Остальные фотокарточки были тоже неплохи. Два года назад, перед самой победой, в деревню приехал из Венева фотограф. Делал снимки за картошку: за шесть карточек ведро. Поскольку впереди была посадка, Мариша с матерью платить картошкой не рискнули, а предложили фотографу пяток яиц от первой курочки. Тот взял охотно, а за то, что Огоньковы пустили его в темный угол за печью проявлять снимки, сделал им лишнюю семейную фотографию. Евгенья сидела возле своего дома, на самом солнышке. За плечами у матери стояла Мариша, сбоку десятилетняя Лидка. Девчонки улыбались, а Евгенью не удалось уговорить улыбнуться: она переживала, что нет дома Романка.
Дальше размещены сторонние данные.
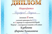 26 января в г.Азнакаево прошёл II турнир по нац.борьбе "Көрәш", посвящённый памяти и 60-летию Ф.К.Курбанова. Ученик 9А класса нашей школы Дорофеев В. в турнире занял второе место в весовой категории до 50 кг. и награждён грамотой, медалью, денежным призом на сумму 1500 рублей. Поздравляем и желаем дальнейших успехов!

– Не расстраивайтесь, мамаша, – сказал Евгенье фотограф, думая, что она оплакивает убитого. – Вечная память, как говорится!..

У самого фотографа не хватало трех пальцев на правой руке, но ремесло его не покинуло, он, как мог, подрабатывал на прокорм своей семье.

– Вас я сделаю в овале и с обрамлением, – обещал он Марише, которая ему как будто понравилась. А может быть, просто рассчитывал, что за овал и обрамление Огоньковы пригласят его пообедать.

Но когда фотограф увидел, чем обедает семья, где лишь одна шестнадцатилетняя Мариша способна заработать кусок, то сесть за стол не согласился, сказал, что сыт, что уже ел.

Мариша тогда в первый раз застыдилась своего платья, в котором ей пришлось фотографироваться. На ногах у нее были не туфли, а сапоги большого размера с парусиновыми голенищами, которыми ее премировали в колхозе.

– Стойте ровненько, – велел фотограф, заметив, как Мариша переминается от неловкости. – Ваша красота сама за себя скажет.

Марише было отчего волноваться: это был второй снимок в ее жизни, а первого можно было и не считать: там она была снята в младенчестве, между отцом и матерью. Этот маленький, тусклый и желтый снимок сгорел в сороковом году вместе с деревянной переборкой, оклеенной голубыми обоями. А на втором снимке она прямо стояла во весь свой рост, и на пальце у нее светился занятый у подружки перстенек.